The work helped bridge a previously unidentified confidence gap and it has been a lesson she has carried into the day job. Having seen her talents mined so far only on the editorial side, she now believes she has talent aplenty to run a company.
Others believed it first, though. It was an old university friend now running a merchant bank who suggested that she put together a bid for IPC, when it became clear that Reed Elsevier wanted to divest itself of its consumer magazine division. She found backing for her bid but was beaten by the venture capitalists Cinven for the purchase. However, she says she came out of the experience with no battle scars. Just flabbergasted she'd got so far.
Putting the strategic plans together also helped her see there was another way to run a magazine company. Now she is determined to prove that editors are not just creative fluffy bunnies.
Tired of "layers and layers and layers of management", O'Sullivan and Sutcliffe, who is former editor-in-chief of IPC's music and sports titles, want to create an editorially driven company with a flat management structure. The plans have been received well enough to persuade five wealthy individuals to part with pounds 2.2m to back them, and a host of respected magazine types have not only left secure positions to join the new venture, but have also taken out share options.

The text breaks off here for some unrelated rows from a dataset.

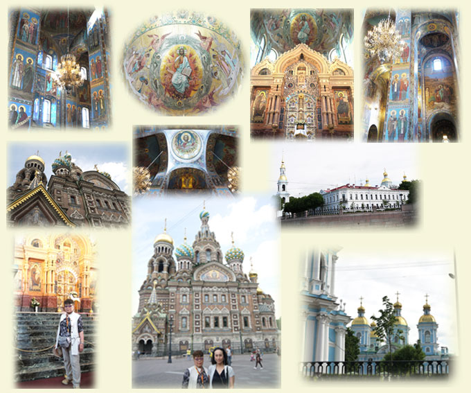| 血の上の教会:モスクワのワシリー寺院とよく似ています。1881年に皇帝アレクサンドル2世が暗殺された場所の上に建てられている。1907年完成と比較的新しい建物です。天井一杯のモザイク画には圧倒されます。 |
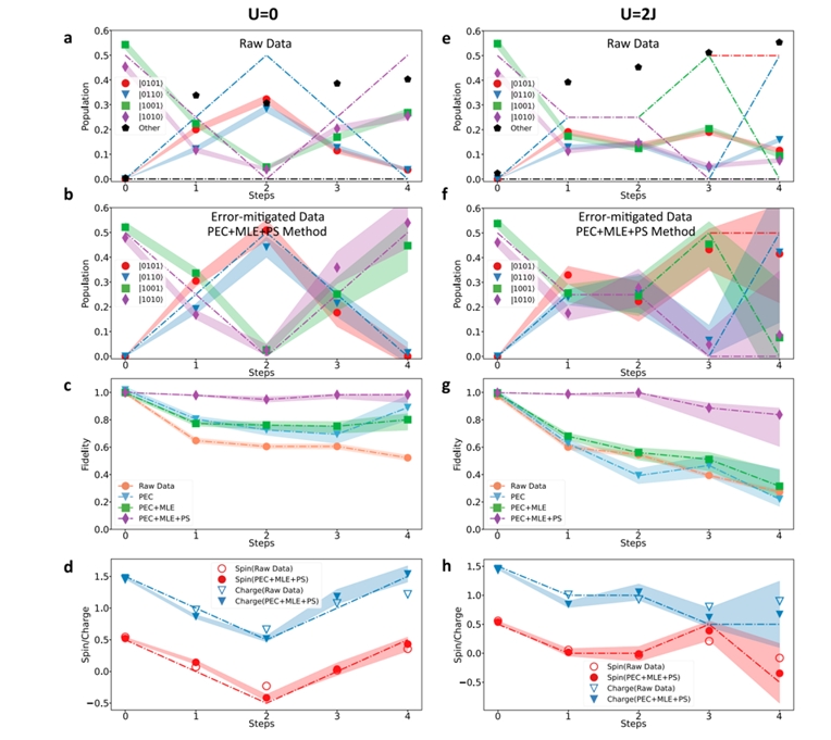 These improvements made it possible to successfully simulate and to observe that the charge and the spin of fermions behave differently as popularly expected in the Fermi-Hubbard model. As an example, in Figure 2, two fermion models containing spin were encoded in a four-ion system, and were simulated without the intra-lattice interaction (Figure 2a-d) and with the intra-lattice interaction. (Figure 2e-h). By extracting the spin and charge distribution (Figure 2d, h), the spin-charge separation of fermions was observed, thus verifying that the error mitigation scheme is effective for long quantum circuits.
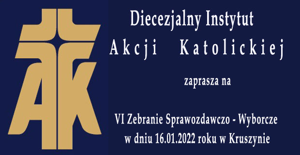 W dniu 16 stycznia 2022 roku o godz,12.00 w Kruszynie odbędzie się VI Zebranie Sprawozdawczo - Wyborcze Akcji Katolickiej Diecezji Włocławskiej.
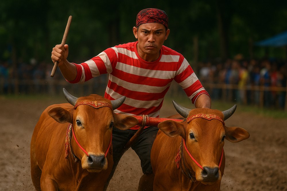 IndonesiaBuzz : Budaya – Debu membumbung tinggi di atas tanah lapang. Sepasang sapi pacu yang mengenakan kaleles perlengkapan kayu untuk menyangga joki melaju kencang, adu cepat melawan pasangan lain. Di atasnya, tukang tongkok (joki) berusaha mengendalikan arah sambil mempertahankan keseimbangan. Sorak sorai penonton yang memenuhi arena menambah semarak perlombaan. Inilah suasana Karapan Sapi, tradisi pacuan sapi khas Madura, Jawa Timur, yang tetap bertahan lintas generasi.
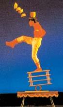 释义 | 晃板(huàng—) 杂技节目。 演员足踏滚木上的木板,左右晃动作各种高难度的表演。或更有另一演员在前者头上或肩上表演单手顶、对头顶等各种动作。也有多人表演的。 此外还有以金属圆球代替滚木的,叫做“晃球”,难度更高。 晃板 |
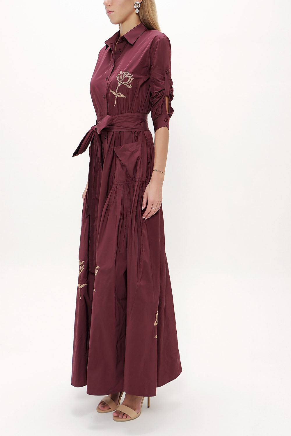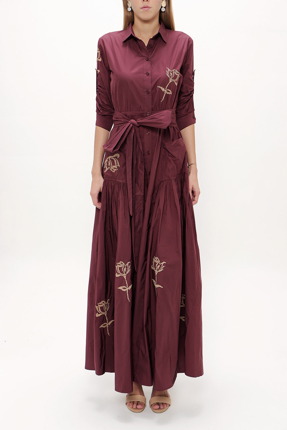 Bordo Nakışlı ve büzgülü uzun elbise 92605
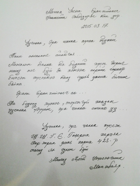 Тэд энэ талаар “Ц.Мөнхбаяр Ерөнхийлөгчөөс уучлал хүссэн өргөдлийг хоёр удаа илгээсэн. Өнгөрсөн онд өөрийн гараар бичсэн өргөдлөө Шүүхийн шийдвэр гүйцэтгэх байгууллагаар дамжуулан хүргүүлсэн. Гэтэл үүнийг Ерөнхийлөгч мэдээгүй гэж хэвлэл мэдээлэлд өгсөн ярилцлагадаа хэлсэн байна. Ерөнхийлөгчид хандсан хоёр захидлыг тэр хүн мэдээгүй байна гэхээр үүнд Ерөнхийлөгчийн Тамгын газар хайнга хандсан гэж үзэж байна. Энэ бүгдийг эргэн харж, Ц.Мөнхбаяр болон Д.Төмөрбаатар, Г.Болдбаатар нарт уучлал үзүүлээсэй гэж хүсэж байна” хэмээсэн юм.
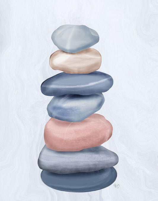 Stacking Stones 1 White Modern Wood Framed Art Print with Double Matting by Fab Funky
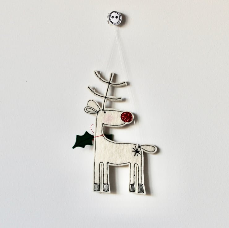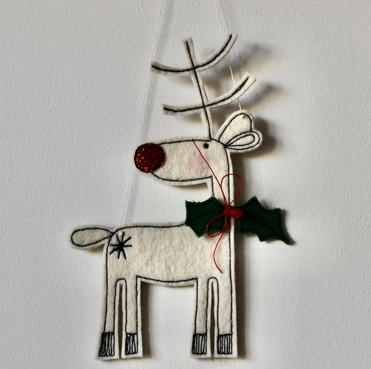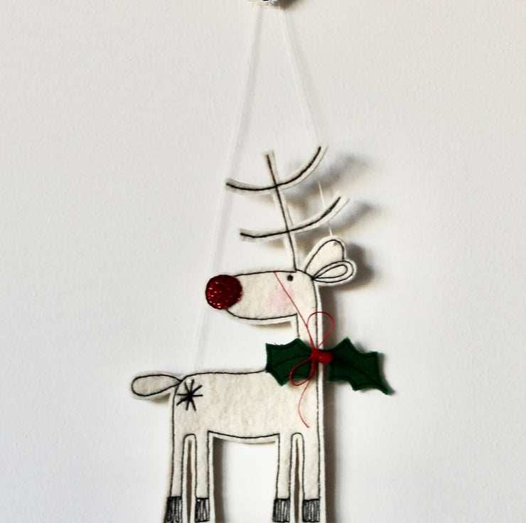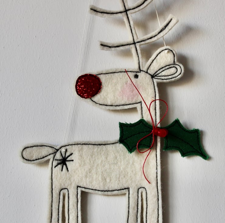 Reindeer is created using 100% wool felt, linen thread, cotton fabric, glitter cloth, red glass beads, free hand machine embroidery and is cut out by hand using very sharp scissors.

First from Cabal, in mid-October, are to be two big consumer monthlies. One is aimed at teenage boys - going under the working name of "Project FOG"(Fuck Off Grown-ups), thanks to the input of the 16-year-old son of O'Sullivan and her husband, the former Times and Mirror editor Charles Wilson. It will, says O'Sullivan, cover the familiar areas of sports, clothing, games, gadgets and bikes. And girls? "Absolutely!"
The other will be a mass-market home interest title, which aims to fill an empty niche by catering for ordinary women alienated by the "let's- paint-the-living-room-red" brigade.

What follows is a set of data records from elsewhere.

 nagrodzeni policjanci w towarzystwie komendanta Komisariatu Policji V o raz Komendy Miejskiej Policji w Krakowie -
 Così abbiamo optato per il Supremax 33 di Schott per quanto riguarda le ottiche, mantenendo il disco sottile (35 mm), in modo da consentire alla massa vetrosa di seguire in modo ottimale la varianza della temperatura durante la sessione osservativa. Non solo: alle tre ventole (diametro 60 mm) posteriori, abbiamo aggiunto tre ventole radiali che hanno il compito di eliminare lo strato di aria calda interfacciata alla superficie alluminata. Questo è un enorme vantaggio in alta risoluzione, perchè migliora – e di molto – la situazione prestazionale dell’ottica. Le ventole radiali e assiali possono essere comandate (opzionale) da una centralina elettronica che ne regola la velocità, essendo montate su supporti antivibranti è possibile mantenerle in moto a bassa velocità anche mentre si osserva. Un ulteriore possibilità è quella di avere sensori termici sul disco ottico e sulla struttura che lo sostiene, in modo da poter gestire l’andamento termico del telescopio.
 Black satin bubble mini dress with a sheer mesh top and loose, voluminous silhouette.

November will see the launch of a specialist health title and another consumer title, neither of which she will be drawn on. Then, if all goes well, next March there will be a big consumer launch in the women's sector and three new sports titles. In all, 12 magazines are planned in Cabal's first year, though "nothing is cast in stone".
And the story does not end with magazines. She adds: "What you don't tend to realise as a journalist is that you have a marketable talent and the talent is that you understand how to reach the consumer. I'd always thought it was just common sense. I fully expect this company to produce a clutch of high-quality magazines, but I also see us having a broader consulting role. We can put magazines together for a company, plus a television programme, evolve Internet sites and advise them on retail outlets.'
However, O'Sullivan is alarmingly modest. Not only does she berate herself for the failure of Riva ("It was 10 years too early, and I say that with no pride at all; to be too early in a market-place is inexcusable"),but of Cabal's creating a "different" style of publishing house, she is quick to add: "it remains to be seen whether it is better".

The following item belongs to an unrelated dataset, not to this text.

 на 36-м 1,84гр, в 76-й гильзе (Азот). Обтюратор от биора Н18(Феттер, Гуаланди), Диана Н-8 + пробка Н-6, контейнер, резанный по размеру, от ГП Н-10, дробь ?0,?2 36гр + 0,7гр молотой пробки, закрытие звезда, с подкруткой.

Setting up Cabal has been, she says, like climbing a terraced slope: "Andrew and I pick each other up when we get stuck in the mud or when the next step seems too high. Now we're two-thirds of the way up the mountainside we can look back and see how far we've come."
O'Sullivan has the partner, the money and the ideas. She's in the building and the staff are coming on board. All she needs now are those telephones.